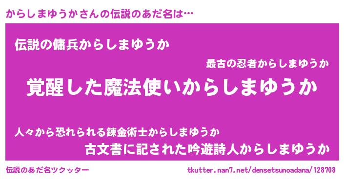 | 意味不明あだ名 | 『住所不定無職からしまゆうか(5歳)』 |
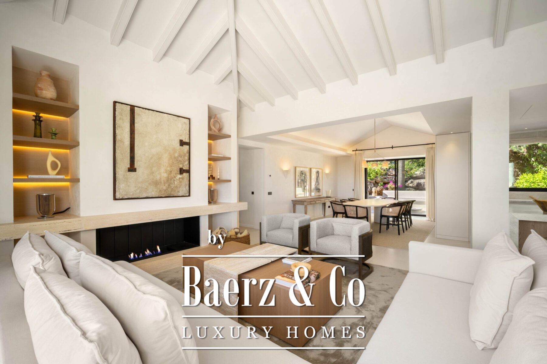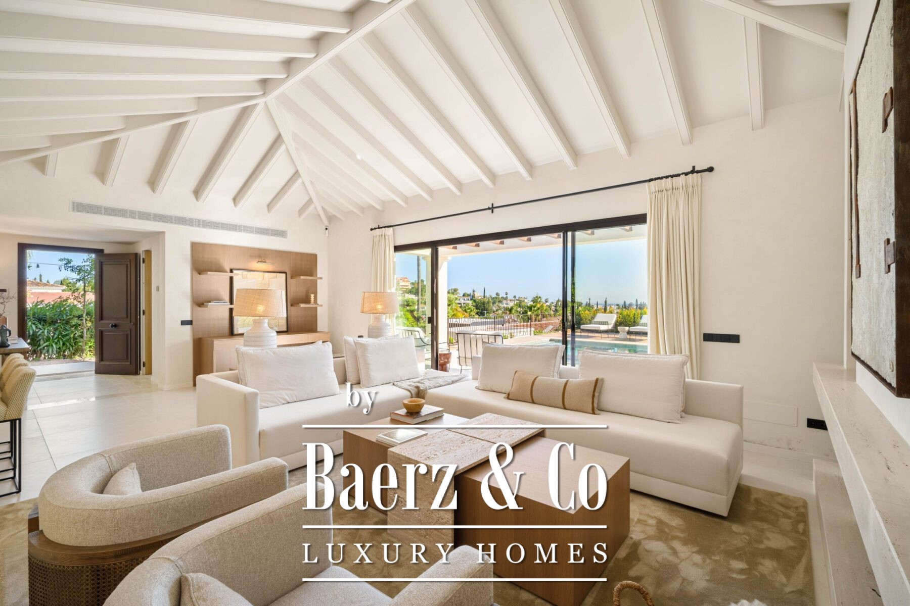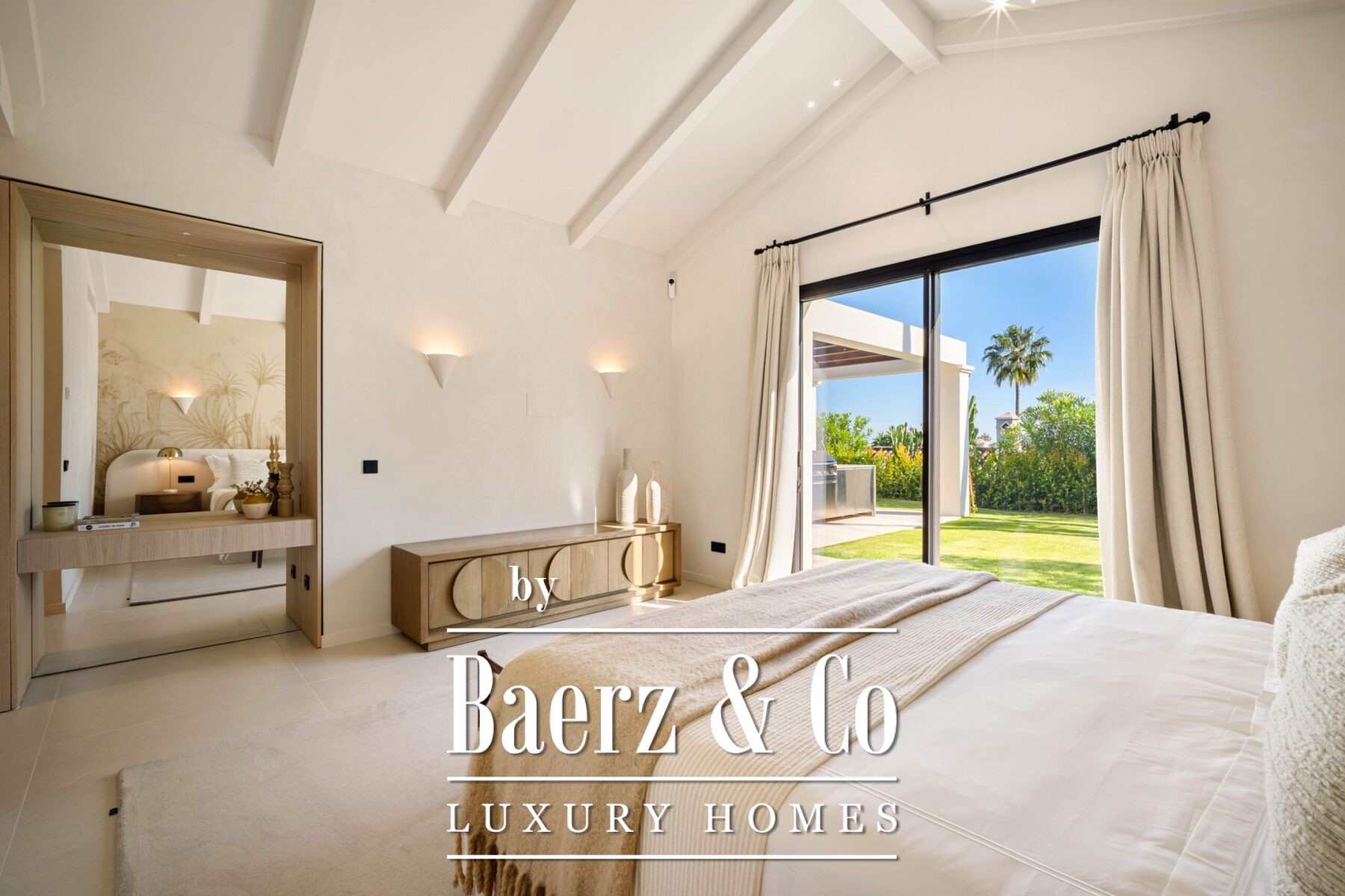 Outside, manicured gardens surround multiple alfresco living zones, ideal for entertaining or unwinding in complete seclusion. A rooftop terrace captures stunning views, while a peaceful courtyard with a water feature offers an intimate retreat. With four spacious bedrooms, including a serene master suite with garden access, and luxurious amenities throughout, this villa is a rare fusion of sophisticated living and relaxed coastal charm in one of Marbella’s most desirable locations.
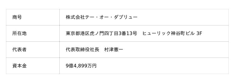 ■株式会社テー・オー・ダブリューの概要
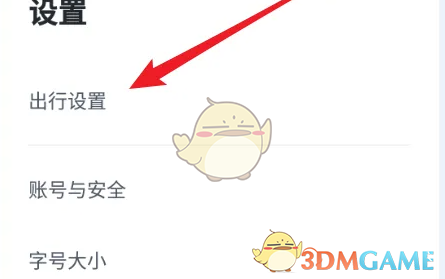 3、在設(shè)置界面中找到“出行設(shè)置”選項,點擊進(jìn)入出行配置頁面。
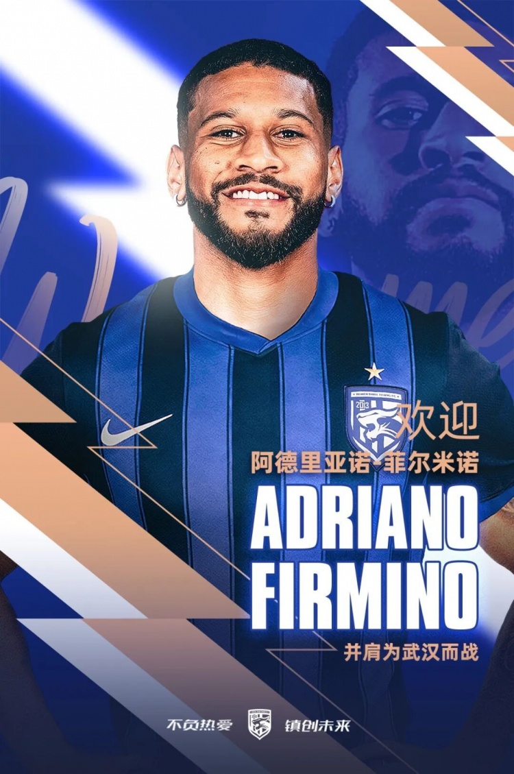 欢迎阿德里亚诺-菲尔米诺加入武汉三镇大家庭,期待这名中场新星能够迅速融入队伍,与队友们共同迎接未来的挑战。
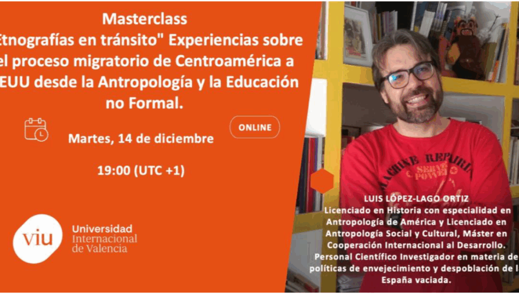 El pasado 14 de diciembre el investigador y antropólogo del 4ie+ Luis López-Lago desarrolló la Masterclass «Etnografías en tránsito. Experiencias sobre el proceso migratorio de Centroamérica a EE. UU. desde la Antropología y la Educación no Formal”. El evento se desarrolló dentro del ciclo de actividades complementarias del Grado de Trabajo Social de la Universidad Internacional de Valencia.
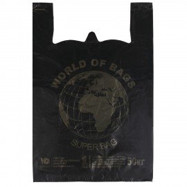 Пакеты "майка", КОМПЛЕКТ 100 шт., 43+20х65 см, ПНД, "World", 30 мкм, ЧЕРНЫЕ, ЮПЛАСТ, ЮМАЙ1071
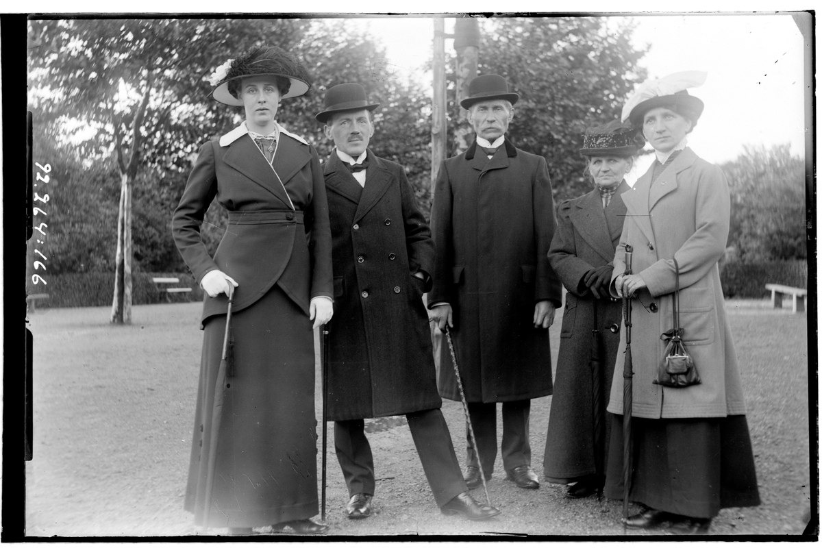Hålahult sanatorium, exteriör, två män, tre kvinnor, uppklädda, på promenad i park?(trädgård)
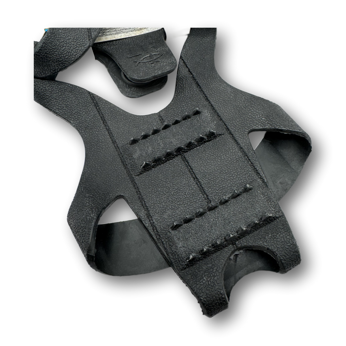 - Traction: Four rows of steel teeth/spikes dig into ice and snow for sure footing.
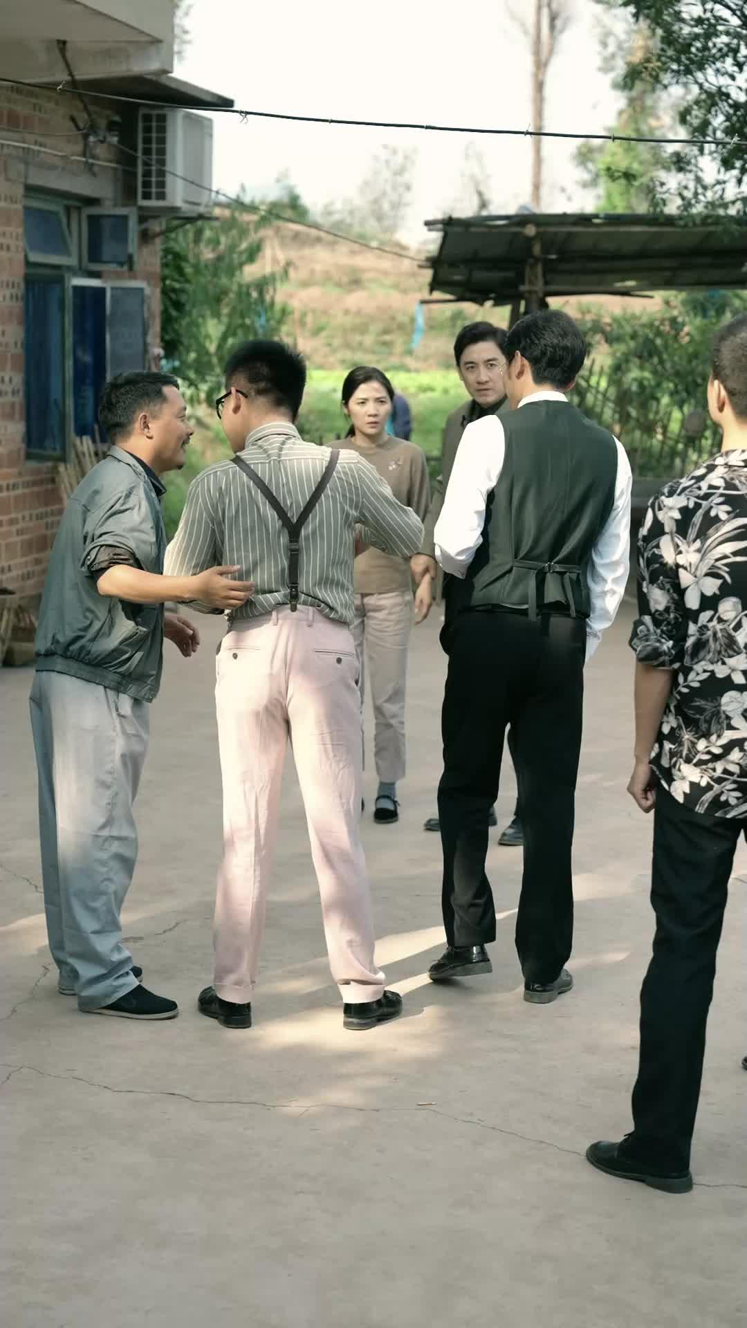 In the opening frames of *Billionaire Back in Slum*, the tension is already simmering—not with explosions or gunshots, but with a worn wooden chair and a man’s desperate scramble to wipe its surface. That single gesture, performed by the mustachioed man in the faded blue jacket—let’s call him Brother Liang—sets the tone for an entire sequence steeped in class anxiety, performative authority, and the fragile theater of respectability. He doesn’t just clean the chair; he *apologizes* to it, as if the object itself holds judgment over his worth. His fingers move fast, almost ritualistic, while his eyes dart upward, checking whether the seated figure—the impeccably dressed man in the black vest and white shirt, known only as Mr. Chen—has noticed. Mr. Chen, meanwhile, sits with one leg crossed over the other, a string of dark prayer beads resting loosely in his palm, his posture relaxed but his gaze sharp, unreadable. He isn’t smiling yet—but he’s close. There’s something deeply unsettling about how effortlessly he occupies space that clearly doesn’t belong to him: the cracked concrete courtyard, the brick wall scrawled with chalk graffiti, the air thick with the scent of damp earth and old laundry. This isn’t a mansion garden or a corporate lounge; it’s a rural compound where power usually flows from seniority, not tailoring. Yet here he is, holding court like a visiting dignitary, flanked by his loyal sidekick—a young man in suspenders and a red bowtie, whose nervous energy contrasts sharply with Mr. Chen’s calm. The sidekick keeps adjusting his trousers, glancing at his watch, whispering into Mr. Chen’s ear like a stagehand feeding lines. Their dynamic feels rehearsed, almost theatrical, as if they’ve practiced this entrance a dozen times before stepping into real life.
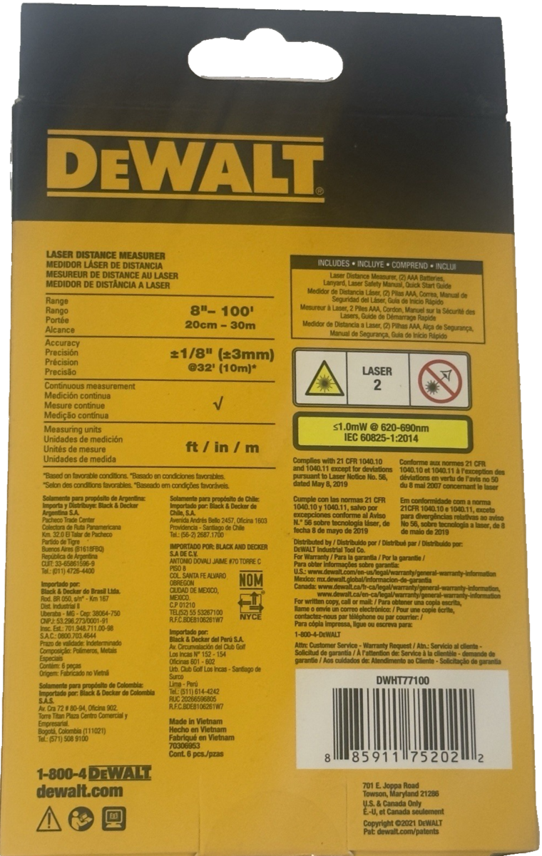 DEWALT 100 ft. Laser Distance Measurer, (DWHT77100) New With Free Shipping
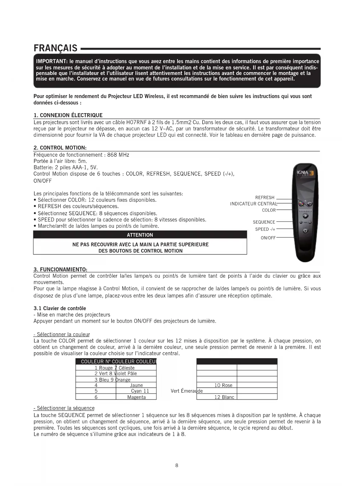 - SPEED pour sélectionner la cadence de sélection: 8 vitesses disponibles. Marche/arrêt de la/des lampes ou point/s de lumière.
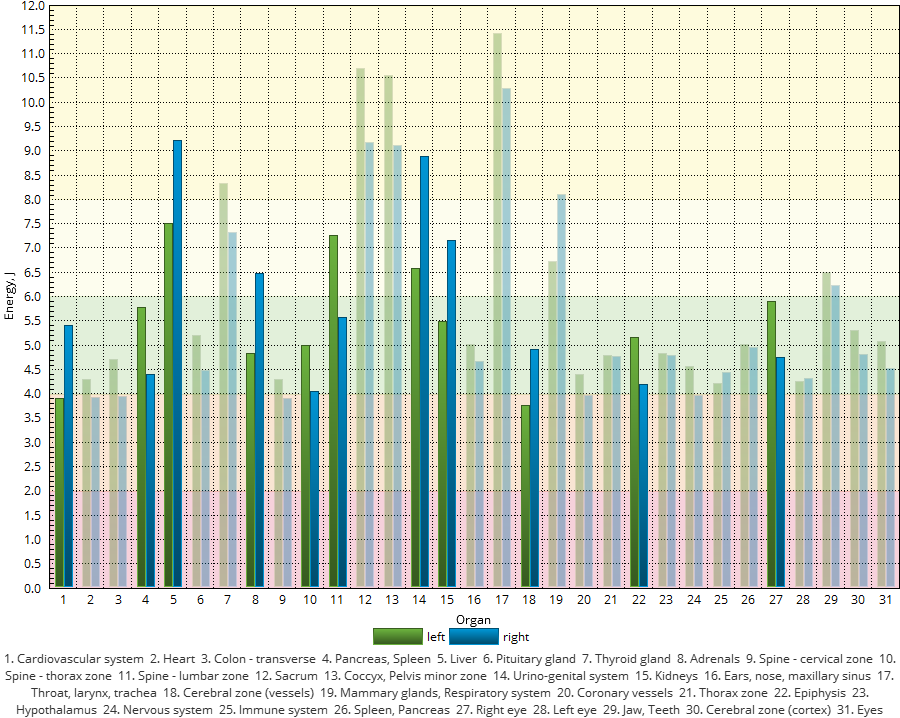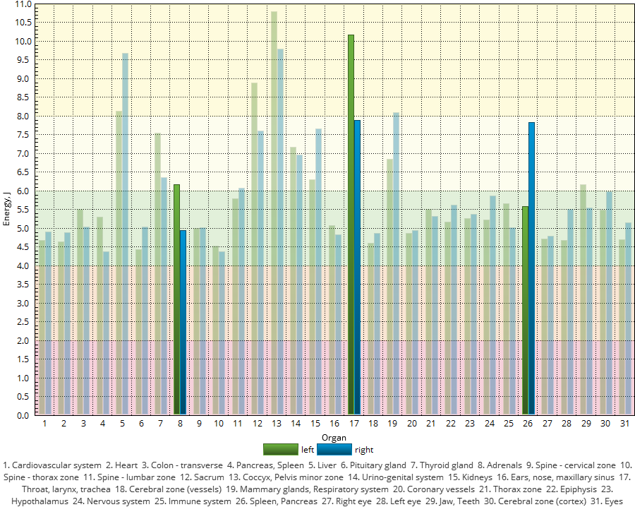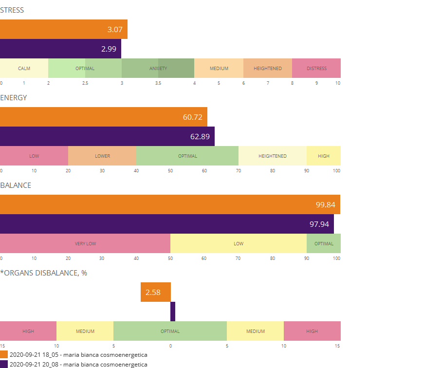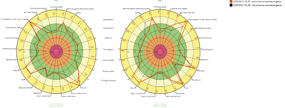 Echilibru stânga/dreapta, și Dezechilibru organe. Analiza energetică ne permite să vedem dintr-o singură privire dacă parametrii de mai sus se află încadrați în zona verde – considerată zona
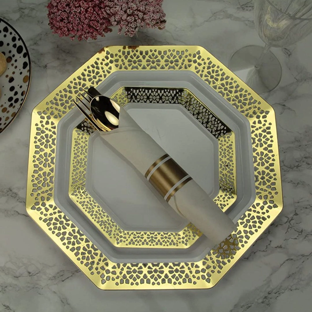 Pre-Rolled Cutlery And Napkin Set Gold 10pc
------------------------
(What you will do) Reproduce the records exactly, starting with their first line and ending with the line that contains "欢迎阿德里亚诺-菲尔米诺加入", though pictures should be dropped.

(Answer box)
 | 意味不明あだ名 | 『住所不定無職からしまゆうか(5歳)』 |
 Outside, manicured gardens surround multiple alfresco living zones, ideal for entertaining or unwinding in complete seclusion. A rooftop terrace captures stunning views, while a peaceful courtyard with a water feature offers an intimate retreat. With four spacious bedrooms, including a serene master suite with garden access, and luxurious amenities throughout, this villa is a rare fusion of sophisticated living and relaxed coastal charm in one of Marbella’s most desirable locations.
 ■株式会社テー・オー・ダブリューの概要
 3、在設(shè)置界面中找到“出行設(shè)置”選項,點擊進(jìn)入出行配置頁面。
 欢迎阿德里亚诺-菲尔米诺加入武汉三镇大家庭,期待这名中场新星能够迅速融入队伍,与队友们共同迎接未来的挑战。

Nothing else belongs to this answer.